* [What you will do]
From the first line of the material to the line containing "Lygaeosoma neglecta. Syntype.", inclusive, write out each line exactly, leaving out the pictures.

(Data section)

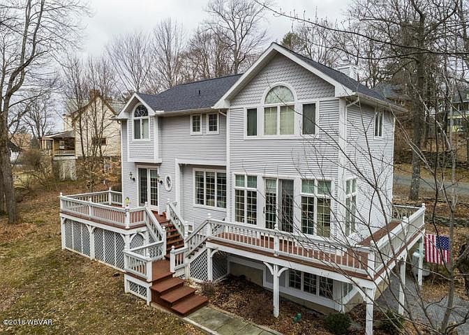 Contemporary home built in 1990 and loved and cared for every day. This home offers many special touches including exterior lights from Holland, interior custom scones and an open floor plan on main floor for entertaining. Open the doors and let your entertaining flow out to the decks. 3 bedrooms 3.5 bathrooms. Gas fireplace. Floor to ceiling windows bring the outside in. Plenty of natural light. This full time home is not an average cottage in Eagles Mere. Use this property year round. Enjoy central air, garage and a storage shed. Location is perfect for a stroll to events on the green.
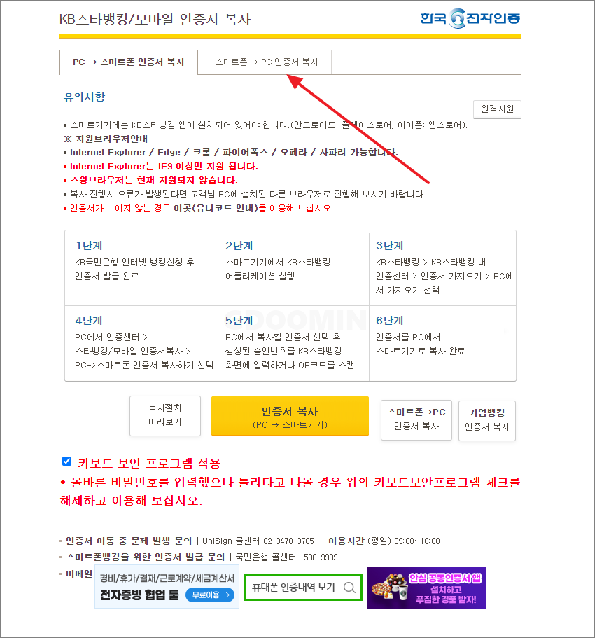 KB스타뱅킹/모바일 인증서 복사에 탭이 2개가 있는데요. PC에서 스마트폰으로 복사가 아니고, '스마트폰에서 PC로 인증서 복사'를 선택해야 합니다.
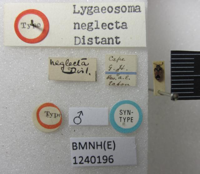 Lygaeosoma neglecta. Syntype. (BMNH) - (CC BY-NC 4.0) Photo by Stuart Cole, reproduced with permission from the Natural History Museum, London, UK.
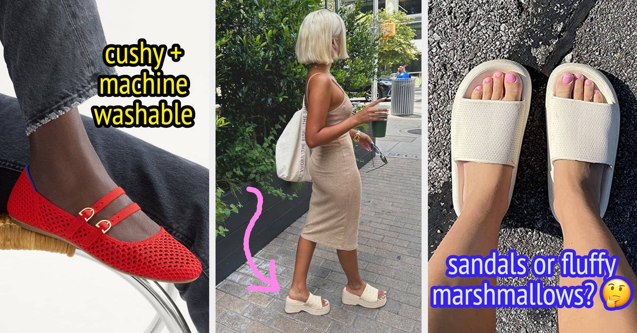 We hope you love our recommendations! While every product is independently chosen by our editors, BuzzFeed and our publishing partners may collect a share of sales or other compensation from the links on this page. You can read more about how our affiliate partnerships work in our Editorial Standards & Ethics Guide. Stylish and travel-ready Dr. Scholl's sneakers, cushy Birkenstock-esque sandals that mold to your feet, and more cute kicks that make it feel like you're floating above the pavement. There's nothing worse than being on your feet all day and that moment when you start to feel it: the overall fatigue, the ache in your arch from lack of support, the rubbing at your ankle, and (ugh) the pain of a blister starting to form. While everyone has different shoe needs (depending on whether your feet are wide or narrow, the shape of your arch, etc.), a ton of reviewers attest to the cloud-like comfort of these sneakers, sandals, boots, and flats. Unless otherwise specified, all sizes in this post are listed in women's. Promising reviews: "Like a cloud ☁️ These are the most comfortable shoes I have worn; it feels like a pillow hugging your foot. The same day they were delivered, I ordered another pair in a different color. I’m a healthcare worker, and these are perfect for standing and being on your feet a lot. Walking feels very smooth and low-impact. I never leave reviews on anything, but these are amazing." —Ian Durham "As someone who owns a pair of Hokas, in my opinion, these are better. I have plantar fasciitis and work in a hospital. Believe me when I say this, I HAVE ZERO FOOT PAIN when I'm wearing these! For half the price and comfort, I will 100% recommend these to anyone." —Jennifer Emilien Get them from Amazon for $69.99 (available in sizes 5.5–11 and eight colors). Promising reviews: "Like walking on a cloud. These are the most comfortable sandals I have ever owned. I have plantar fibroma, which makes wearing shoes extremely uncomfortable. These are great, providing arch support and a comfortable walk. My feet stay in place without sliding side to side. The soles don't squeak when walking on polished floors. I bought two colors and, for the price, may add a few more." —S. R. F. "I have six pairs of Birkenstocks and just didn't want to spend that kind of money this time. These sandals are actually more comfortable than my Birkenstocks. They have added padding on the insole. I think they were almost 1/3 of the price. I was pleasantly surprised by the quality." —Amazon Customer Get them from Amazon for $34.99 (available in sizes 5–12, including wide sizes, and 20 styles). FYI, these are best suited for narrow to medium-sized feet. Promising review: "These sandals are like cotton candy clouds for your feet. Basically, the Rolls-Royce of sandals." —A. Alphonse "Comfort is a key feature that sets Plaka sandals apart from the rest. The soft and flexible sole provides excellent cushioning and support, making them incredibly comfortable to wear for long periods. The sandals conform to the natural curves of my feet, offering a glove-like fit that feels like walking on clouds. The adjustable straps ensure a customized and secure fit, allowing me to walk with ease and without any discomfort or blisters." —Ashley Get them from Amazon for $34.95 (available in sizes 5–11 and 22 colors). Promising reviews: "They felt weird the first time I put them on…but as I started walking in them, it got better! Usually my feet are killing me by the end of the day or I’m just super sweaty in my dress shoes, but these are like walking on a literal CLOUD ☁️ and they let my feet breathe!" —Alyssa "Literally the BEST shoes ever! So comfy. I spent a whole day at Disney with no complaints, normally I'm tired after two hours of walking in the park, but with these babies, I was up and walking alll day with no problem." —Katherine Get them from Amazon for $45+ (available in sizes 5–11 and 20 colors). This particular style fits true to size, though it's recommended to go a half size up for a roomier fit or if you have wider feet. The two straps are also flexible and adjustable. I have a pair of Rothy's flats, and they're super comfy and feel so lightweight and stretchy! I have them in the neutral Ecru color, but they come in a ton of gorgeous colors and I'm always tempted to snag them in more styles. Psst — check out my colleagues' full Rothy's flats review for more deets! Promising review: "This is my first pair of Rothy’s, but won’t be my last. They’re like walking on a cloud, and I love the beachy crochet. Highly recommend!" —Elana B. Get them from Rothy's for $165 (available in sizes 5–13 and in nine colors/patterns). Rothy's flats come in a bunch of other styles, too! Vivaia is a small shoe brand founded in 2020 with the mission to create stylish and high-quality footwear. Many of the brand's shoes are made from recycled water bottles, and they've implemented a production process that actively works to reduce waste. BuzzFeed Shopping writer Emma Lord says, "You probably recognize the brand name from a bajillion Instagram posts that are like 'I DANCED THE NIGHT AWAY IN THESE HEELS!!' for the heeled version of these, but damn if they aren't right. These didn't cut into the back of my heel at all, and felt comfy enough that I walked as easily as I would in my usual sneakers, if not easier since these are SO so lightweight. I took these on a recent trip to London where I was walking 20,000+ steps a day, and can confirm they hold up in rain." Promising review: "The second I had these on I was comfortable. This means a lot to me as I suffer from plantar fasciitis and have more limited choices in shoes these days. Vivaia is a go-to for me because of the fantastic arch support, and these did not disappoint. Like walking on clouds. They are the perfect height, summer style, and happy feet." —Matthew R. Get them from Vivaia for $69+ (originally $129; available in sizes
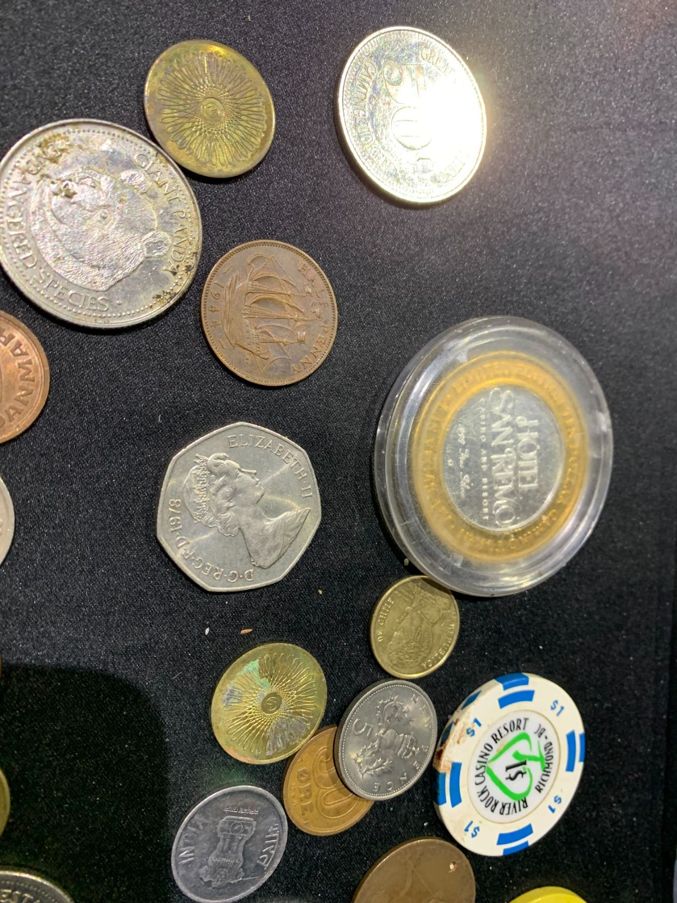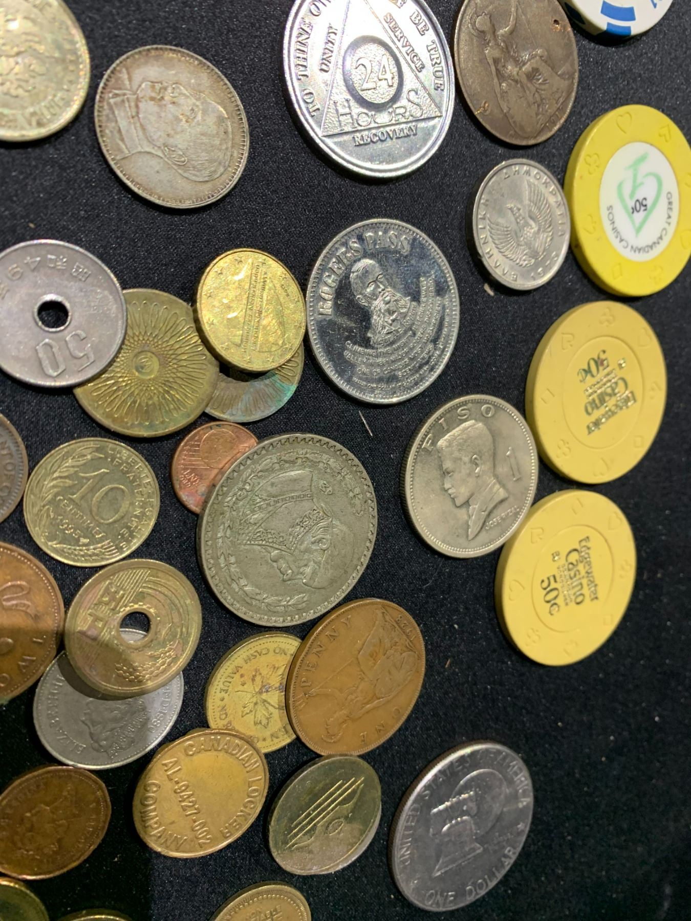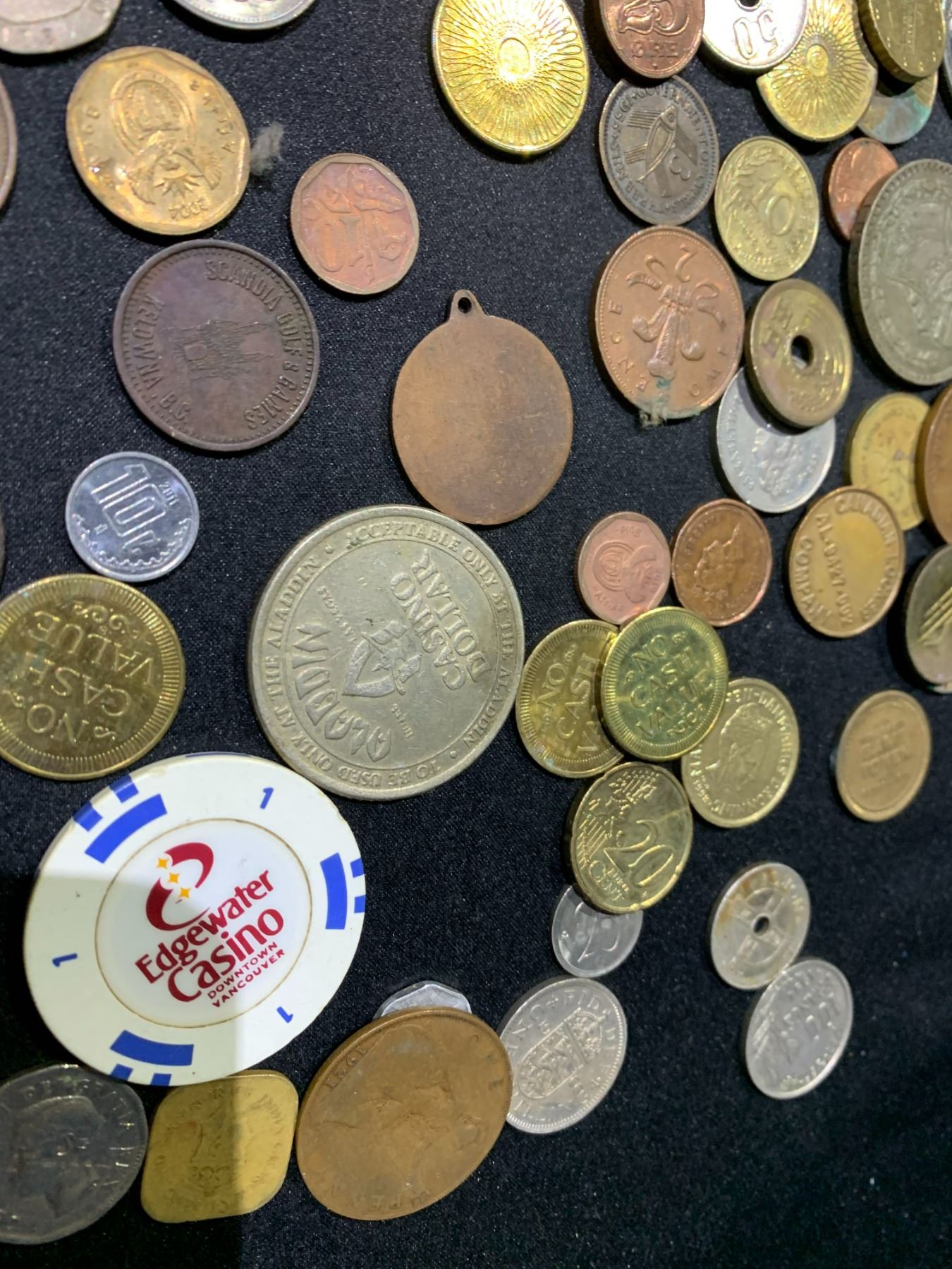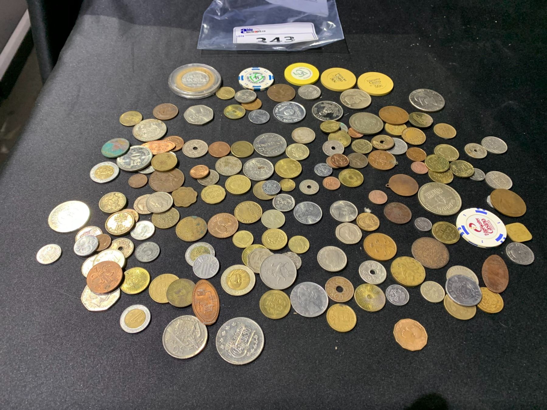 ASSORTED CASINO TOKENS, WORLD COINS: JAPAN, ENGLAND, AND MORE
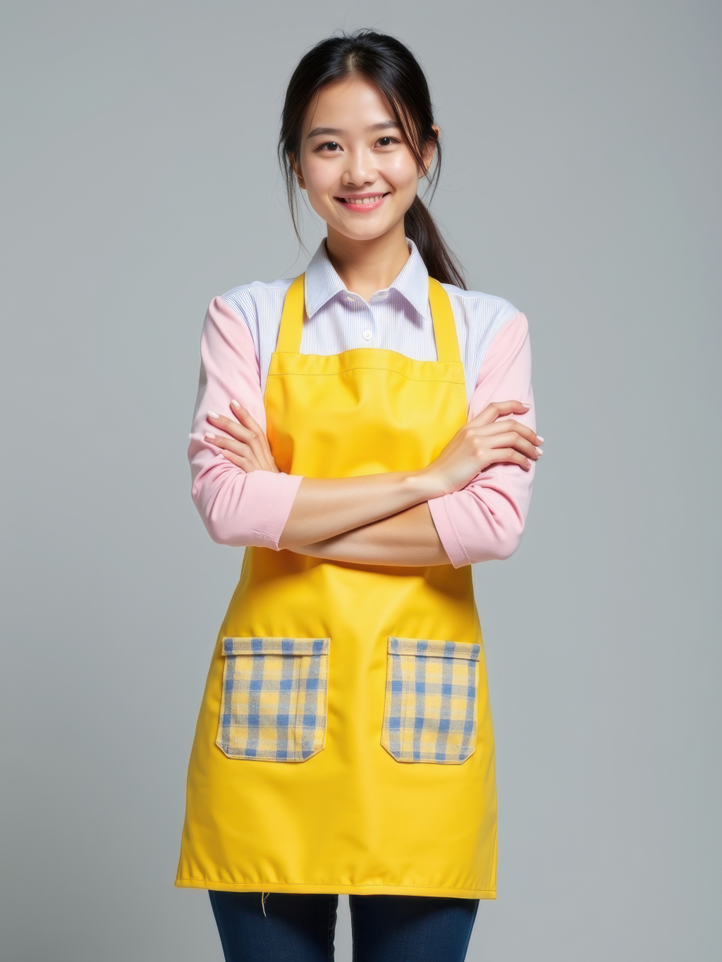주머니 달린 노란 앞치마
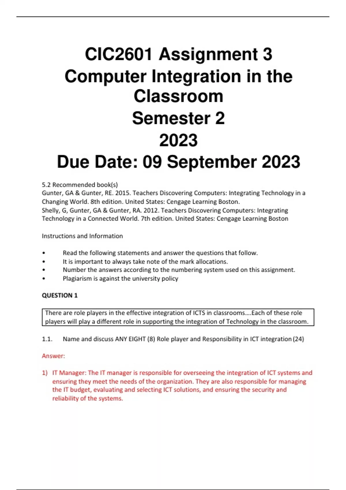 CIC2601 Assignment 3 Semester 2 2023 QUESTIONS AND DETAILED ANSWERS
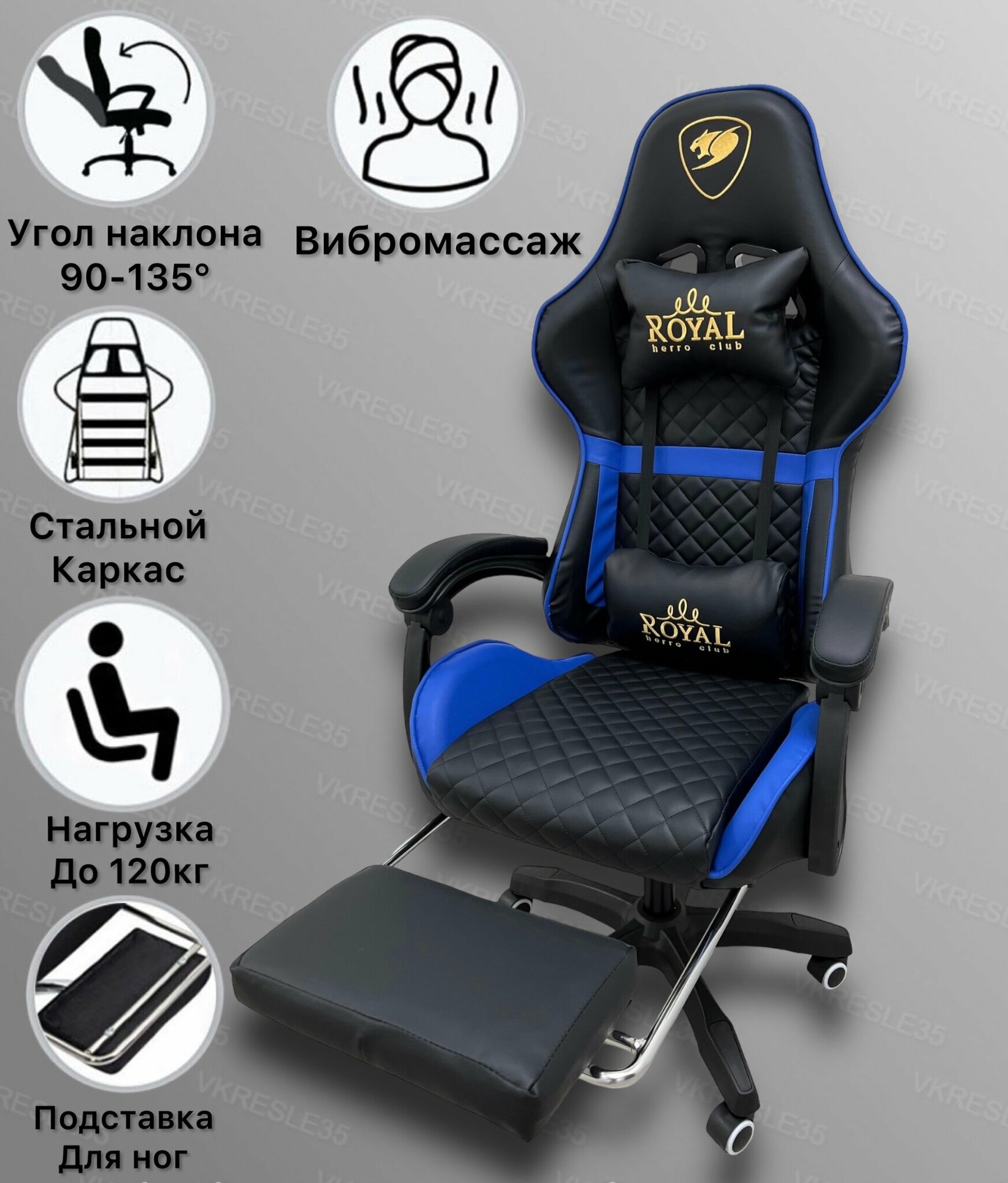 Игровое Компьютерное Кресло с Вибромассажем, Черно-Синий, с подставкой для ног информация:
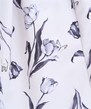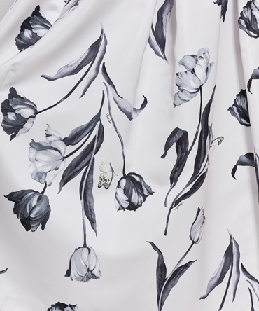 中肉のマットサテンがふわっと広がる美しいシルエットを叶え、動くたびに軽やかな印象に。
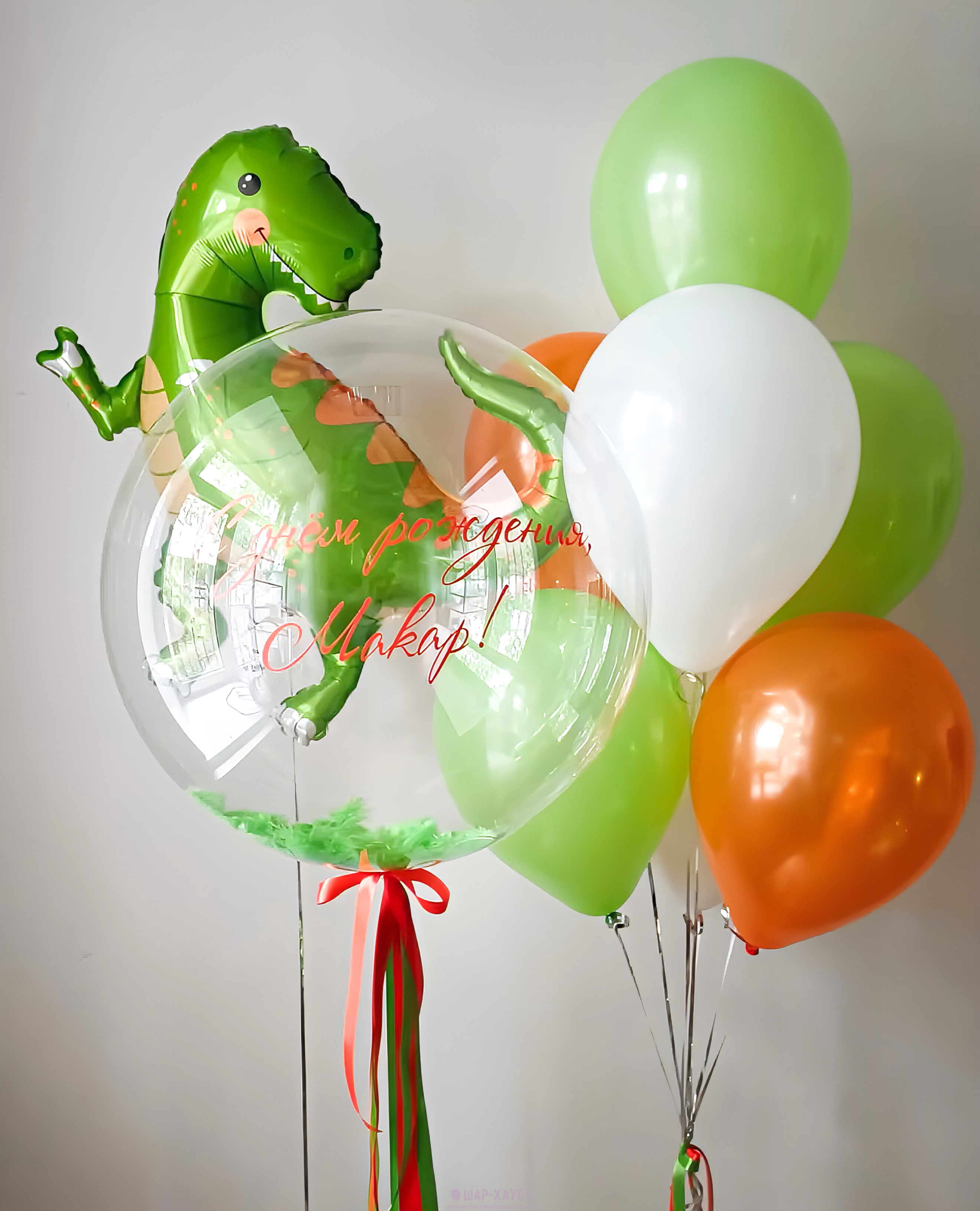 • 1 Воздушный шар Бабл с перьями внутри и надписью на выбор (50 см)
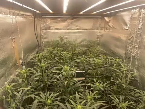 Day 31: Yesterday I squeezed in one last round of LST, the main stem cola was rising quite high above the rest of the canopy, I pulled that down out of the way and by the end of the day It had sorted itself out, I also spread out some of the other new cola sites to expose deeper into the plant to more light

(End Data section)

* [Response]
 Contemporary home built in 1990 and loved and cared for every day. This home offers many special touches including exterior lights from Holland, interior custom scones and an open floor plan on main floor for entertaining. Open the doors and let your entertaining flow out to the decks. 3 bedrooms 3.5 bathrooms. Gas fireplace. Floor to ceiling windows bring the outside in. Plenty of natural light. This full time home is not an average cottage in Eagles Mere. Use this property year round. Enjoy central air, garage and a storage shed. Location is perfect for a stroll to events on the green.
 KB스타뱅킹/모바일 인증서 복사에 탭이 2개가 있는데요. PC에서 스마트폰으로 복사가 아니고, '스마트폰에서 PC로 인증서 복사'를 선택해야 합니다.
 Lygaeosoma neglecta. Syntype. (BMNH) - (CC BY-NC 4.0) Photo by Stuart Cole, reproduced with permission from the Natural History Museum, London, UK.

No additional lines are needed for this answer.